§ Exercise
Reproduce exactly the lines of the material beneath, from the line that contains "Compra Gorros de" to the line that contains "北京市大兴区寿山福海养老服务", both included, and no other lines.

§ Data shown

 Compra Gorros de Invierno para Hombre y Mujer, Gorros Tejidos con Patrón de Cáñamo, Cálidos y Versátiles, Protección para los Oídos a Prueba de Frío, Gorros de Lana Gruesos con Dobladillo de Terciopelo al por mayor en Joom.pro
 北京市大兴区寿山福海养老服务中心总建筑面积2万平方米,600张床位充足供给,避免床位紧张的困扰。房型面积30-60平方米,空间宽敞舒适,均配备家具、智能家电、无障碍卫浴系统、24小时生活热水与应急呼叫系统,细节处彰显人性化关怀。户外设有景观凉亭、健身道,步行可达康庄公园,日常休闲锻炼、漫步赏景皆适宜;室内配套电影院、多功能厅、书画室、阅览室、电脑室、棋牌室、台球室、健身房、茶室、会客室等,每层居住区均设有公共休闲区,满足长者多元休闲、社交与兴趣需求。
---
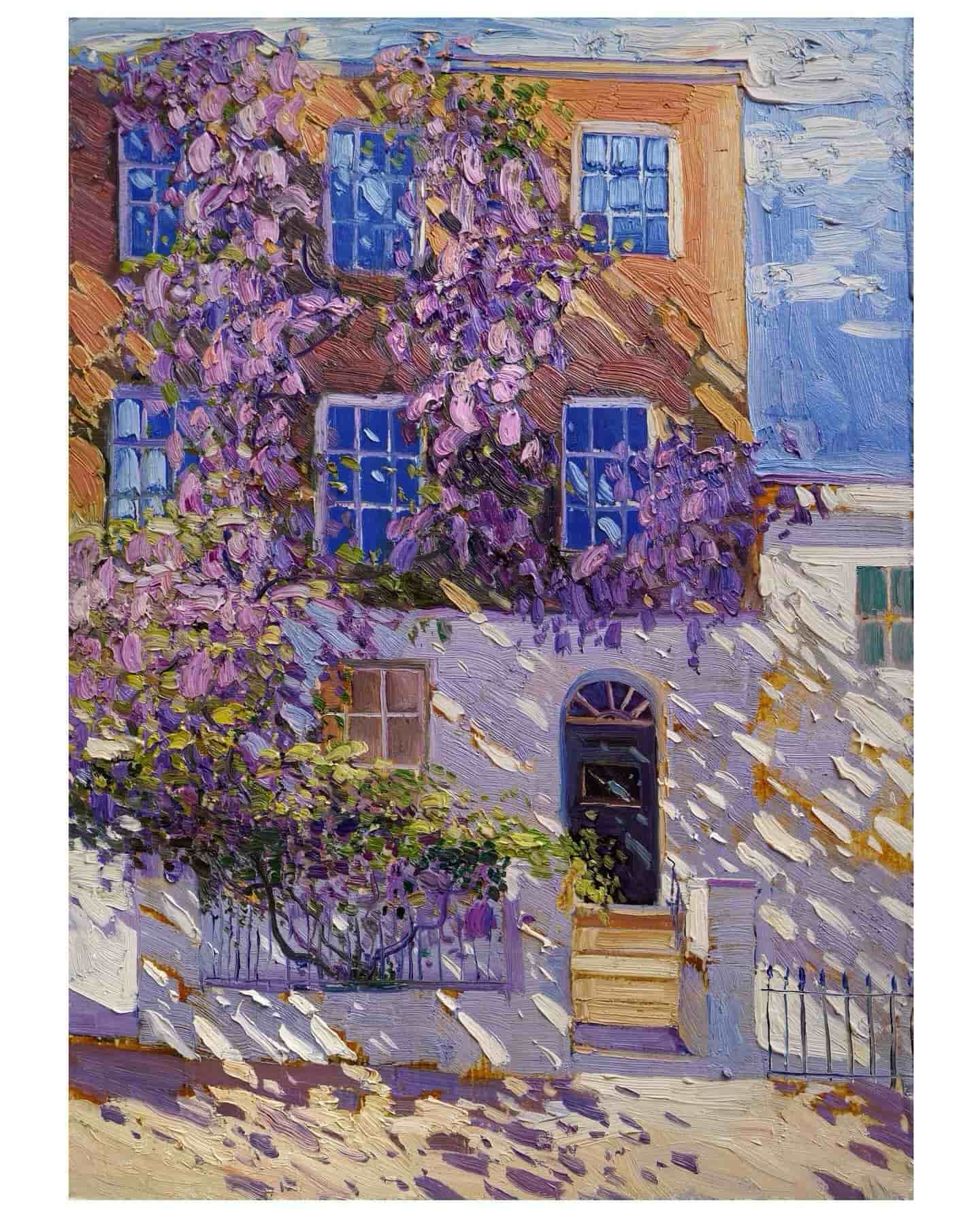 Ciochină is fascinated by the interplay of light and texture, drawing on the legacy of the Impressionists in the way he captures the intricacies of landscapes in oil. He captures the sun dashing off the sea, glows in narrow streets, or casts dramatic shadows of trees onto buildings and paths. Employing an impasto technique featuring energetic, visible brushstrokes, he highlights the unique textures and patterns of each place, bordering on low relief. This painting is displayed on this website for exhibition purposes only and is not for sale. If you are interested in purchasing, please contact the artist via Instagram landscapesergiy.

§ Written solution
 Compra Gorros de Invierno para Hombre y Mujer, Gorros Tejidos con Patrón de Cáñamo, Cálidos y Versátiles, Protección para los Oídos a Prueba de Frío, Gorros de Lana Gruesos con Dobladillo de Terciopelo al por mayor en Joom.pro
 北京市大兴区寿山福海养老服务中心总建筑面积2万平方米,600张床位充足供给,避免床位紧张的困扰。房型面积30-60平方米,空间宽敞舒适,均配备家具、智能家电、无障碍卫浴系统、24小时生活热水与应急呼叫系统,细节处彰显人性化关怀。户外设有景观凉亭、健身道,步行可达康庄公园,日常休闲锻炼、漫步赏景皆适宜;室内配套电影院、多功能厅、书画室、阅览室、电脑室、棋牌室、台球室、健身房、茶室、会客室等,每层居住区均设有公共休闲区,满足长者多元休闲、社交与兴趣需求。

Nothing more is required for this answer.